### CS52 - Spring 2017 - Class 12

#### Lecture notes

- Midterm 2 next Thursday
- Mentor sessions tonight and Wednesday will have specific breakouts for reviewing
- Assignment 5 out
- Can work in pairs

• Assignment 5 high-level: write a compiler for mathematical expressions in SML
- characters -> tokens -> parse tree -> CS52 machine assembly instructions
- a model of how a normal compiler might work:
- takes a string of characters as input
- does an initial pass to break those characters into tokens, i.e. units
- from these tokens, creates an internal representation of the string, called the "abstract syntax tree"
- e.g. https://en.wikipedia.org/wiki/Abstract_syntax_tree
- From the abstract syntax tree, we now can generate the assembly code corresponding to the original input
- three key stages:
1) scan: characters to tokens
2) parse: tokens to syntax tree (internal representation)
3) encode: syntax tree to CS52 assembly

• For now, let's focus on these first two steps

• Example mathematical expressions:
- 2 + 2; (we're going to terminate all of our expressions with a semicolon, like in SML)
- 2 * 3 - 4;
- 2 * (3 - 4);
- 2 + ~(3 - 4) % 2;
- 1 - 2 - 3 - 4;

• Parse structure
- For each of these mathematical expressions there is a unique parse tree
- 2 + 2;

Plus
/    \
2     2

- 2 * 3 - 4

Minus
/       \
Times   4
/  \
2    3

- 2 * (3 - 4)

Times
/    \
2    Minus
/    \
3     4

- 2 + ~(3 - 4)

Times
/    \
2     Negate
|
Minus
/   \
3     4

- 1 - 2 - 3 - 4

Minus
/         \
Minus   4
/         \
Minus   3
/     \
1     2

*** NOT ***
Minus
/     \
1   Minus
/     \
2  Minus
/    \
3       4

• To help us generate these trees, we're going to utilize a grammar

• Look at EBNF for standard arithmetic expressions from assignment 5
- 7 production rules roughly corresponding to different components that you might have
- S: high level expression
- E (expression): any expression consisting of + or -
- T (term): may incorporate *, / or %
- F (factor): may include negation
- P (positive factor): may include parentheses
- N (number)
- D (digit)

- All of the examples above can be generated from this grammar, e.g.
S
E;
T-T;
F*F-F;
P*P-P;
N*N-N;
2*3-4;

• parsing
- write at least one function for each production rule

- should translate directly from the EBNF rules

- each of these functions should:
- take a list of tokens as input
- consume as many tokens as needed for that particular component
- return a tuple:
1) the syntax tree from the created component
2) a list of the remaining tokens that were not processed (i.e. were not part of this component)

• Look at the template file for assignment 5
- What is oper?
- What is token?
- What is syntaxTree?

• parsing concretely
- each of these functions should:
- take a list of tokens as input
- token list
- consume as many tokens as needed for that particular component
- return a tuple:
1) the syntax tree from the created component
- synaxTree
2) a list of the remaining tokens that were not processed (i.e. were not part of this component)
- token list

• Look at the term function

• Advice on how to proceed: work bottom up and debug as you go!
1. Write the number function.
2. Write the positive factor function without handling parenthesis.
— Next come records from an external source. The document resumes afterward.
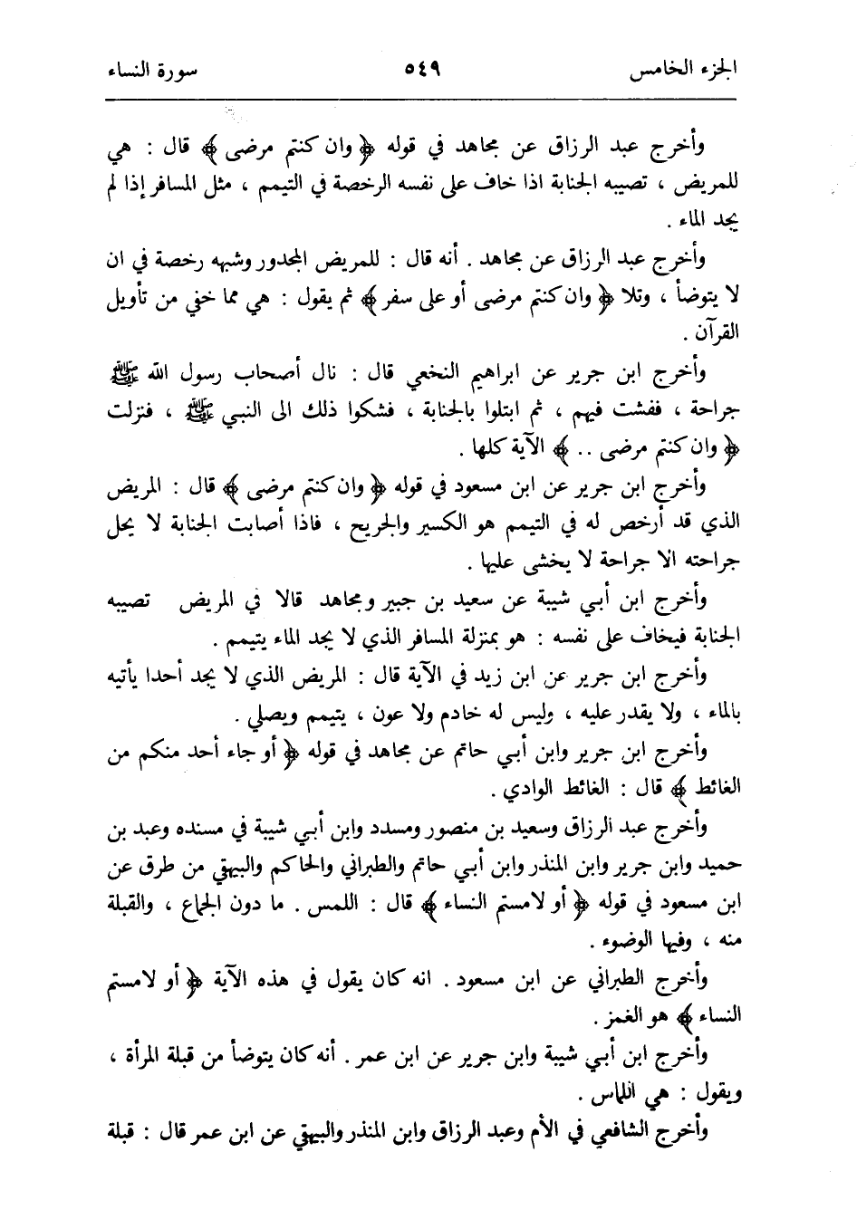 وَأخرج عبد الرَّزَّاق وَسَعِيد بن مَنْصُور ومسدد وَابْن أبي شيبَة فِي مُسْنده وَعبد بن حميد وَابْن جرير وَابْن الْمُنْذر وَابْن أبي حَاتِم وَالطَّبَرَانِيّ وَالْحَاكِم وَالْبَيْهَقِيّ من طرق عَن ابْن مَسْعُود فِي قَوْله {أَو لامستم النِّسَاء} قَالَ: اللَّمْس
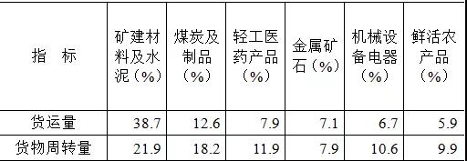 貨運(yùn)量的主要貨類構(gòu)成中,“礦建材料及水泥”占比最高,為38.7%;其次是“煤炭及制品”,占比12.6%;“輕工醫(yī)藥產(chǎn)品”“金屬礦石”“機(jī)械設(shè)備電器”“鮮活農(nóng)產(chǎn)品”等貨類次之,占比分別為7.9%、7.1%、6.7%和5.9%。
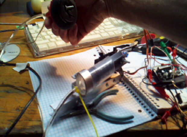 Código lee el sensor de presión, y cuando se aplica suficiente presión se activa el servo. El Arduino espera 2 segundos y luego empuja el émbolo hacia atrás en el barril que quitar el vacío.
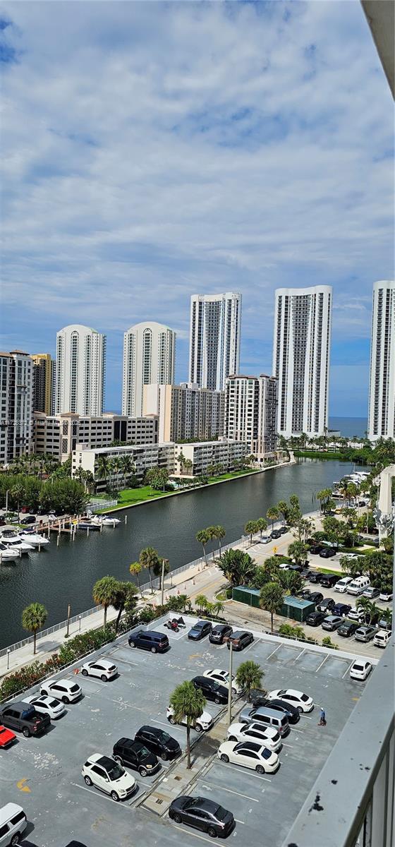 Excellent view of the city of Sunny Isles, Canal, and Intracoastal. Nice, remodeled, brand-new laminated waterproof floors. The unit is rented until August 2025 for $2,150.00. The Tenant is willing to vacate the property or stay. No pets and no rentals the first 2 years of ownership.
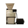 El sistema completo que incluye la tolva de acero inoxidable, el controlador de velocidad variable con motor de CC y una caja y soporte de recolección de acero inoxidable.
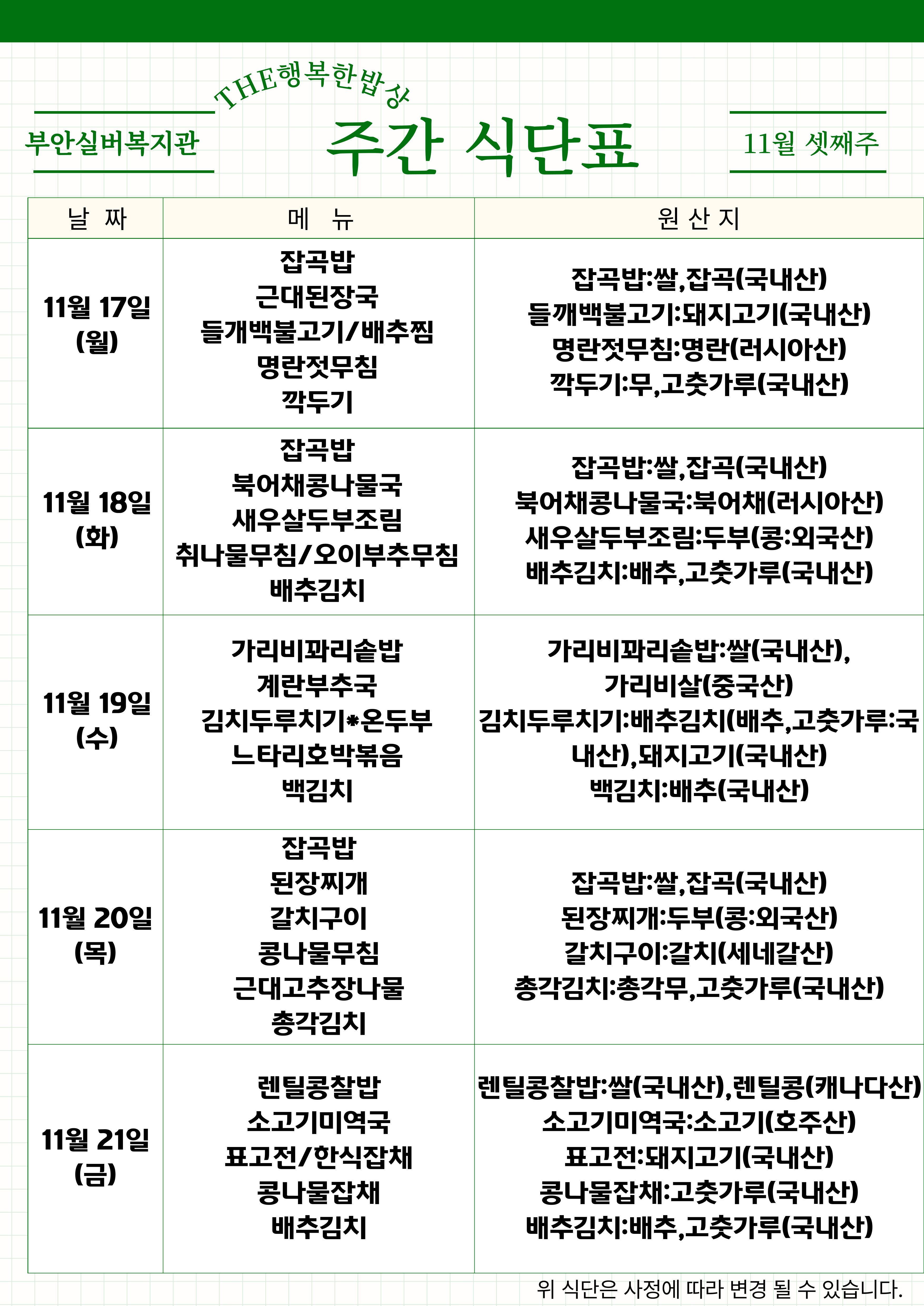 | 복지관 식단표 - 11월 2주 (0) | 2025.11.12 |

For now, pretend the EBNF clause is just P ::= N.
3. Write the factor function.
4. Copy the term function from the appendix.
5. Write the expression function.
6. Go back and fix the positive factor function to include parentheses.
7. Write parse.

• Where does the token list come from:
- scan: char list -> token list

• How do we now output CS52 assembly code to do these mathematical computations?!?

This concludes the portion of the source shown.